Britain’s share in the Nato arsenal was to be an IRBM – an intermediate range ballistic missile – named Blue Streak. Rocketdyne of the United States passed the specifications of their Atlas rocket motor to Rolls Royce, where a group of engineers under Val Cleaver of the BIS set to work modifying and refining it. The job of constructing Blue Streak’s body went to the De Havilland aircraft company of Stevenage. They created a shining stainless steel fuselage, attractively ridged fore and aft: they had, after all, a reputation for beautiful aeroplanes to maintain, and if someone commissioned a nuclear missile from De Havilland, they would get one obeying the minimalist aesthetics of a Shaker armchair. They would not, however, get it very quickly. By the spring of 1960, £60 million had been spent, a further £240 million was needed to complete the design and £200 million on top of that actually to produce the missiles and to install them in their deep silos in East Anglia. The Russians had put Sputnik into orbit, but there was no suggestion that Blue Streak represented an investment in the possibilities of space. Like all ballistic missiles since the V2, it was designed to loop out of the earth’s atmosphere on its way to the target. There was only the acknowledgment that one day rockets might be good for other things.

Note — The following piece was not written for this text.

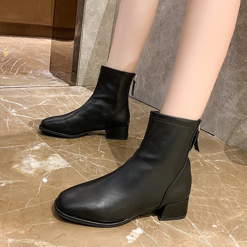 Giày bốt IELGY màu đen cổ thấp dễ dàng mang kiểu martin có dây kéo đế dày trung bình chất liệu da PU
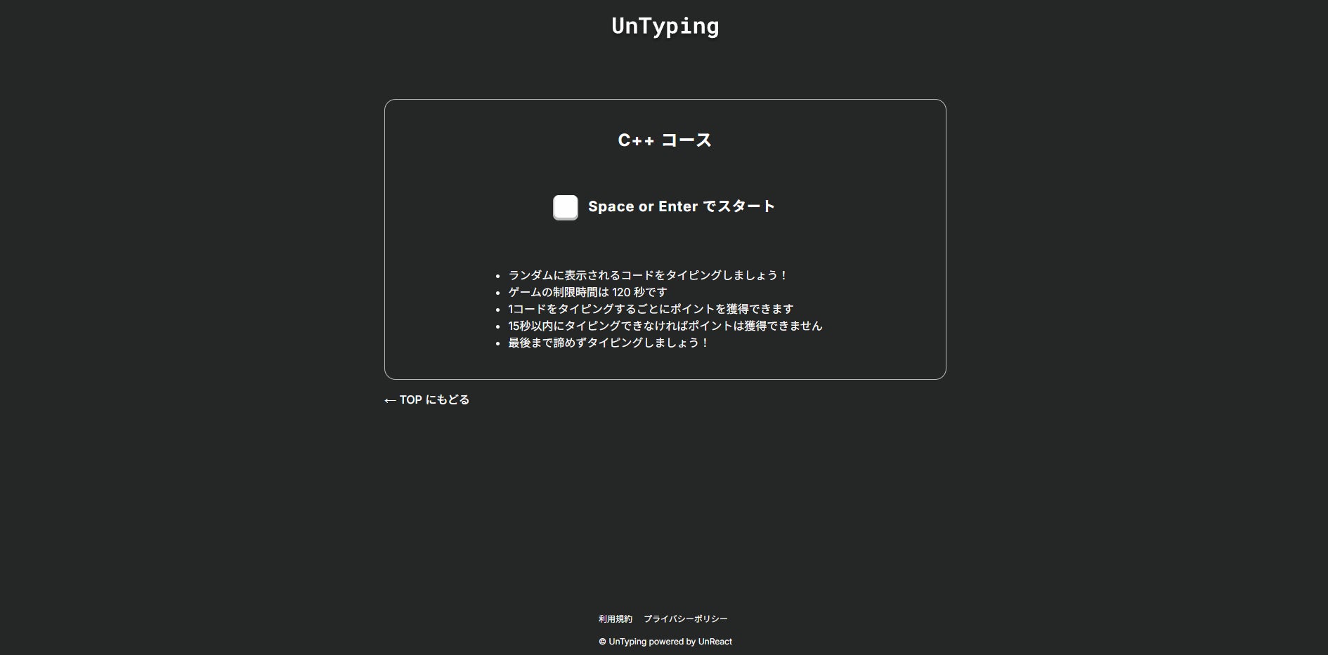 UnTyping - エンジニア向けプログラミングタイピングゲーム(C++ コース)

More pressing were the strategic problems that were becoming apparent with Blue Streak. When it was planned, liquid fuelling was the only option in mainstream rocket design. Since then, both the Americans and the Soviet Union had developed solid fuel for rockets, a mixture which set like toffee inside missile casings, allowing them to remain in their silos ready for quick launching. Blue Streak had to be laboriously pumped up with kerosene and liquid oxygen refrigerated to −183° centigrade. Extreme measures were proposed to make Blue Streak ‘survivable’ – a credible threat even after a direct hit on its silo by one of Russia’s nippier nukes: the silos could have 75-ton concrete lids, with gigantic hoses to wash away the charred debris of Suffolk that would have fallen on top of them. But the truth was that, in the new world of the four-minute warning, the seven-minute Blue Streak had become a weapon that could only be used for a first strike. It offered a terrible combination of vulnerability and destabilising menace.

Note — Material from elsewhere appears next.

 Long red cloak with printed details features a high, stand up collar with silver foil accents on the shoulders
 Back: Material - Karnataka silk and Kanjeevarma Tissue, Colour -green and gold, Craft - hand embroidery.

In April 1960, to jeers from the Labour Party about wasted money, the Macmillan Government cancelled Blue Streak and went on to buy Polaris from America instead. Britain had, however, become the European leader in rocket engineering, and policymakers were not yet ready to give that up. Now the civil exploitation of space got its chance. Despite an offer by Nasa to launch British scientific payloads free, Britain persuaded France, Italy and West Germany to join it in the European Launcher Development Organisation, or Eldo, an attempt to build a European satellite launcher using Blue Streak as a first stage. Eldo was driven by Macmillan’s pro-European policy and British negotiators mistook De Gaulle’s enthusiasm about sharing military high tech for support for Britain’s application to join the Common Market. After De Gaulle blocked it, Eldo was condemned to a slow death by waning British commitment.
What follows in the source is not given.